I was at stonelick when they stocked it. Lots of people getting their limit (and a few a-holes with a bucket full) All the fish were 6-8" all on corn or yellow powerbait. The next day they had dispersed and only had a few bites. A couple weeks later only had one bite. I didnt see any trout taken over 8" but heard rumors of a couple 10's. I think i will give the lake a rest unless I have no where else to go.


----------



## boonecreek (Dec 28, 2006)

chefskil; i might hit cader next weekend. they ust to stock jombos. seen any big ones come out of there latly.


----------



## boonecreek (Dec 28, 2006)

chefskip; i might hit cader next weekend. they ust to stock jombos. seen any big ones come out of there latly.


----------



## CHEFSKIP (Jul 25, 2006)

I ve been to cedar several times since they started stocking. I only caught smaller ones but i saw 10"+ getting caught. some fellas even gave me their catch! My freezer always loves free fish! I was using power bait with limited success. others were using waxworms with better luck.

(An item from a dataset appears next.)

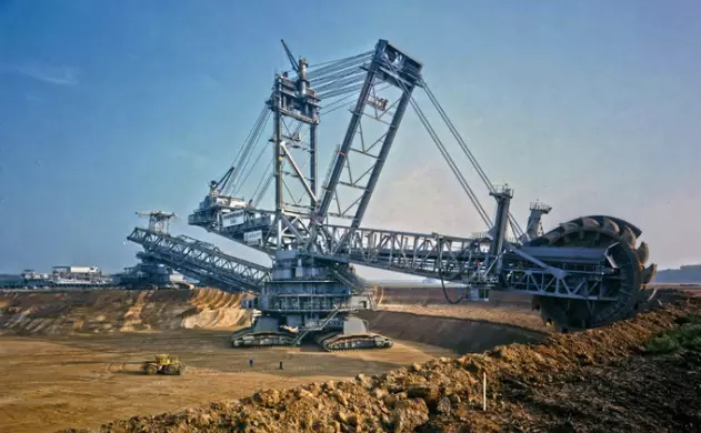 這是由德國(guó)克虜伯Krupp出品的世界上最大挖掘機(jī),96米高(相當(dāng)于30層樓),240米長(zhǎng),49米寬,14210噸重,其裝備20個(gè)8.6立方米鏟斗,總裝機(jī)容量2萬(wàn)千瓦,輪斗驅(qū)動(dòng)采用3臺(tái)1680千瓦電機(jī),總功率5040千瓦(6600馬力)。只需一天,這個(gè)大家伙就能挖出24萬(wàn)立方米土。曾有一次一輛80噸的推土機(jī)不幸被挖起并塞到了輪斗軸承里,可見它的力量之大。其移動(dòng)速度最大為600m/h,制造費(fèi)用達(dá)到1億美元。挖掘機(jī)技術(shù)哪家強(qiáng)?德國(guó)克虜伯敢稱王~

I also saw some using popeyes with good catches early in the day. I didnt see any monsters though!


----------



## alsept1 (Dec 15, 2007)

Hey guys i fish Cedar Lake all the time for catfish. I plan on fishing it for trout this March. Do you have any tips?


----------



## boonecreek (Dec 28, 2006)

i fished ceader lake for trout, the only time i fish pay lakes is for trout. ( cedar and sherries ) done go at cedar with power bait tip of w/ wax worm, doll fly tipped of w/ wax worm under a bobber.


----------